Skipping all pictures, print exactly the lines below from the one with "3、两市共3192只个股上涨" through the final line.

---------- DATASET ENTRIES

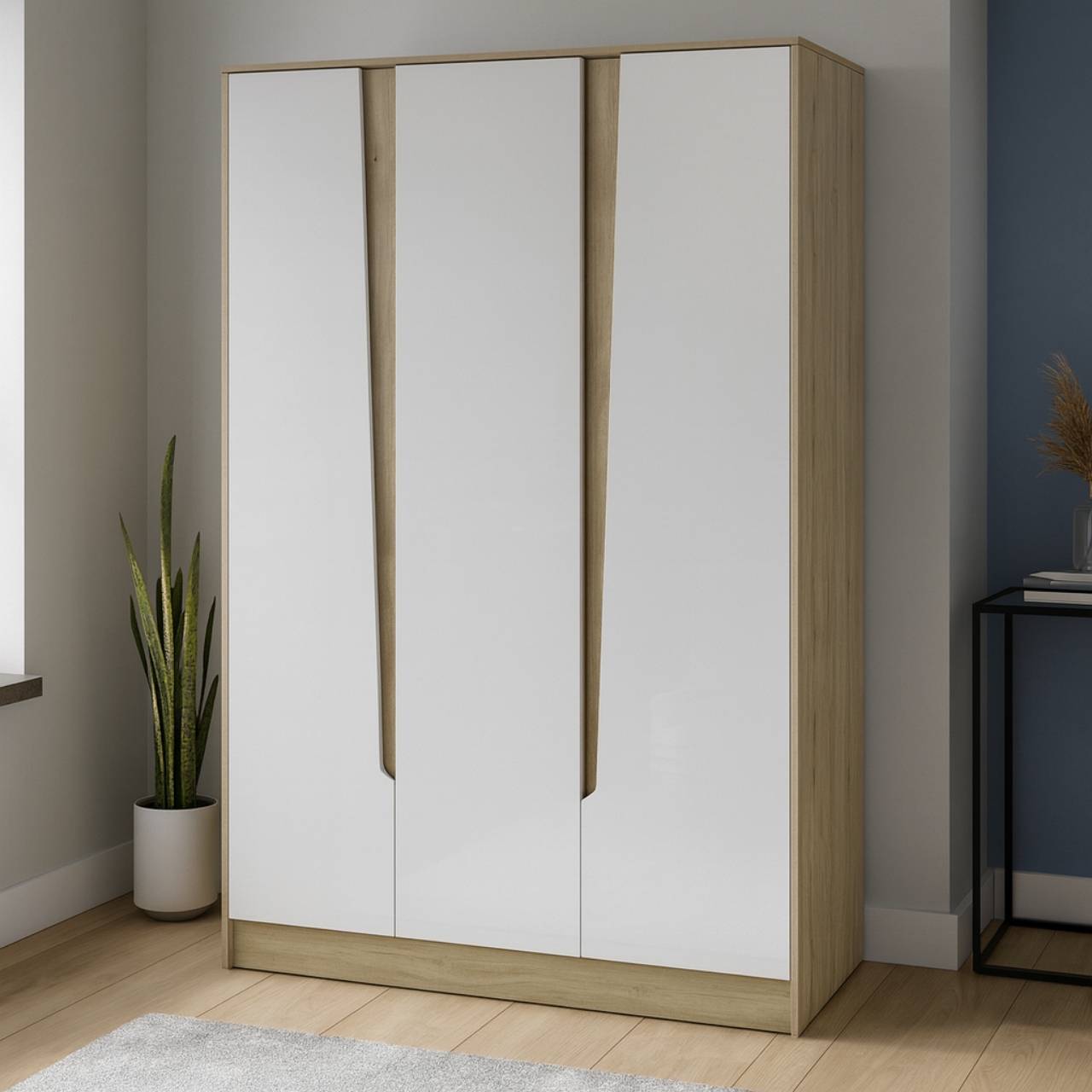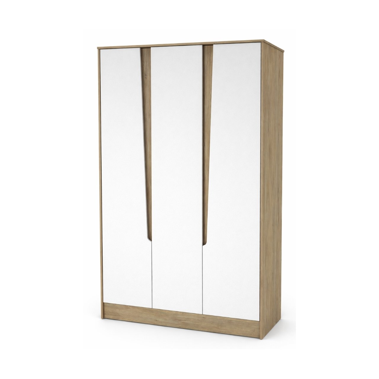 Modern 3 Door Wardrobe – Oak Ash and Snow White
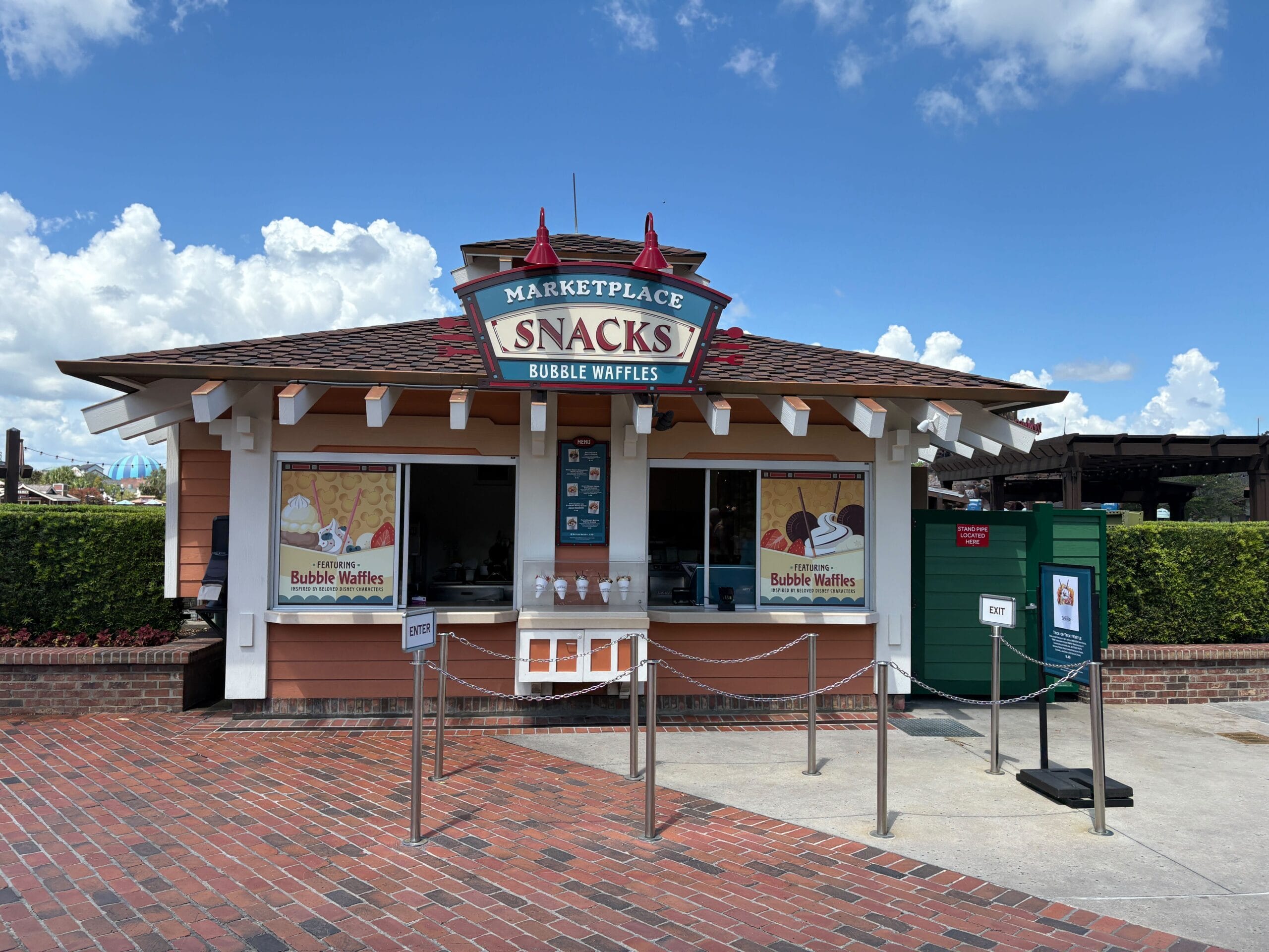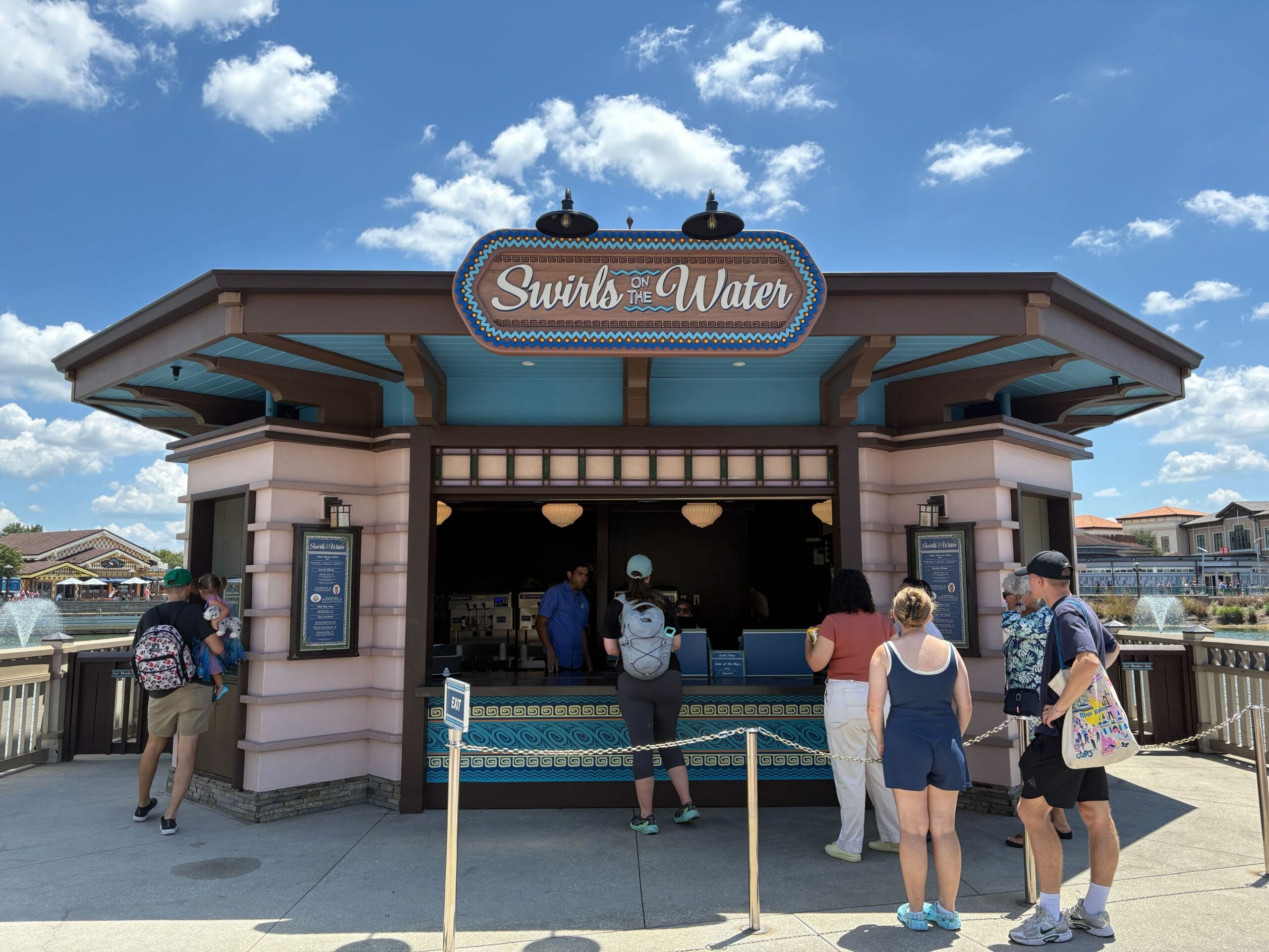 Swirls on the Water is located in the Marketplace, near the bridge entrance beside Rainforest Cafe.
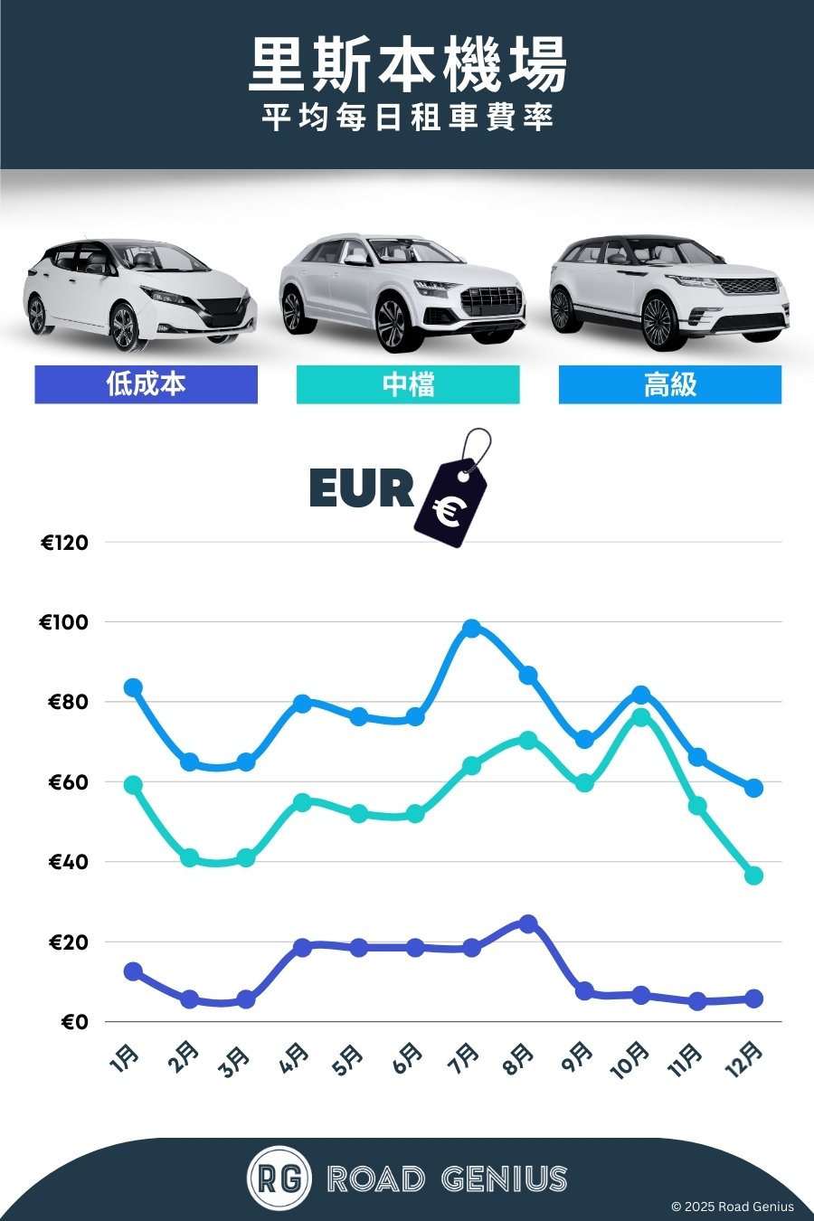 平均而言,里斯本機場 的租車費用約為每日 €48,最低價格為每日 €5。
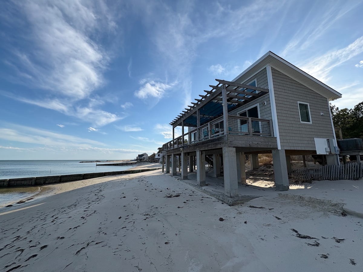 Um santuário, um oásis, uma experiência única em comunhão com a natureza enquanto relaxa em esplendor civilizado — todas são descrições adequadas desta casa de praia projetada por um arquiteto de Nova York nas margens da Baía de Chesapeake. Os hóspedes desfrutam de vistas deslumbrantes para a água a partir de uma altura de piso acabado de 11 metros. A costa leste da Virgínia é famosa por suas águas rasas, mas esta propriedade está situada entre dunas incomuns, com pinheiros, eucaliptos e vistas amplas do mar e do pôr do sol.
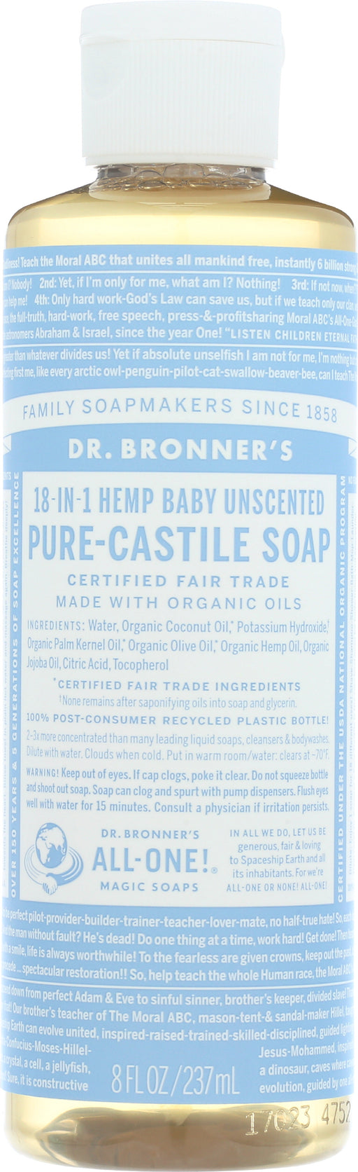 Dr. Bronner's Pure-castile Baby Unscented Soap, 8 Fl. Oz. Dr. Bronner's Pure-castile Baby Unscented Soap harnesses the power of organic ingredie...
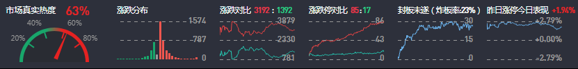 3、两市共3192只个股上涨,85只个股涨停,1392只个股下跌,17只个股跌停,21只股票炸板,炸板率23%。
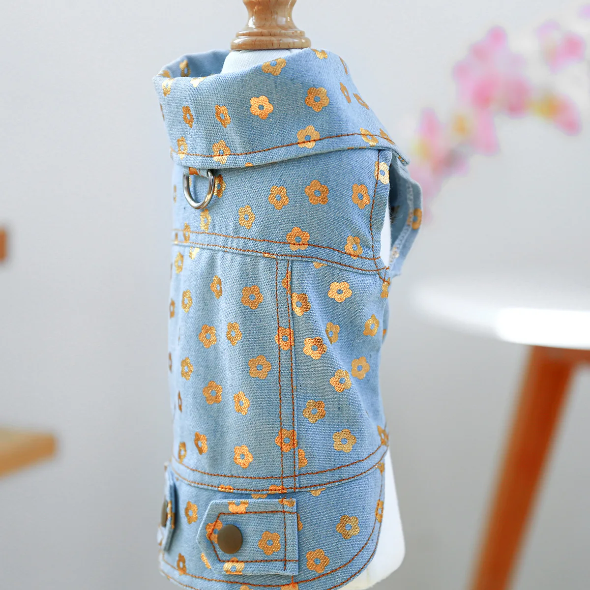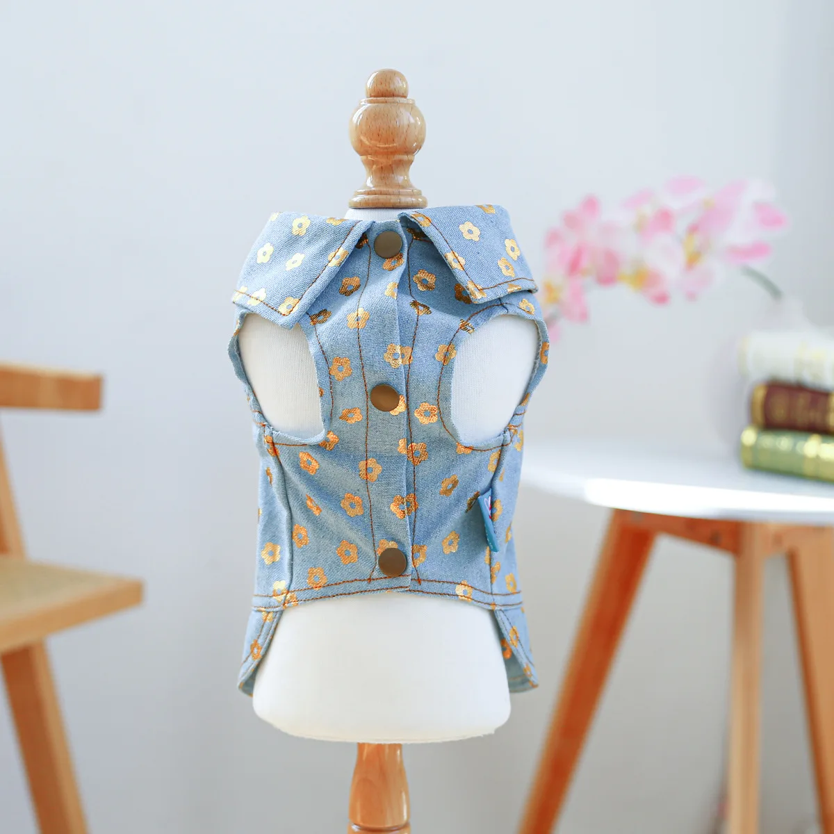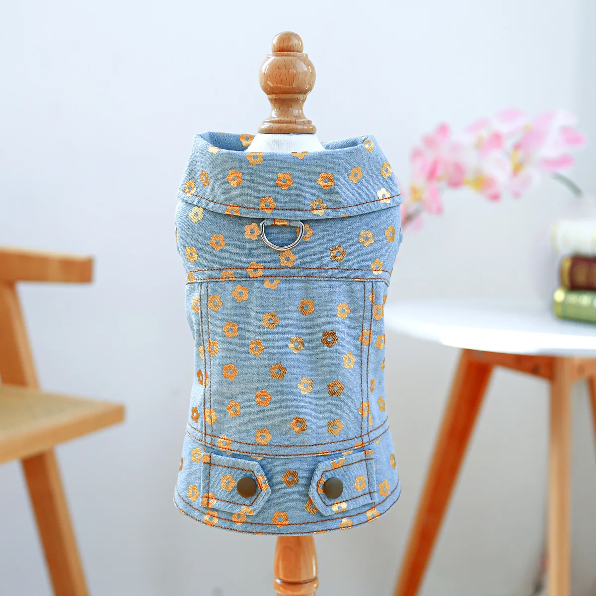 Chaqueta vaquera para perros con hebilla de tracción, estampado de flores cosido en oro, botón a presión, linda camisa vaquera para perros

--------------------

• **TASK RESULT**:
 3、两市共3192只个股上涨,85只个股涨停,1392只个股下跌,17只个股跌停,21只股票炸板,炸板率23%。
 Chaqueta vaquera para perros con hebilla de tracción, estampado de flores cosido en oro, botón a presión, linda camisa vaquera para perros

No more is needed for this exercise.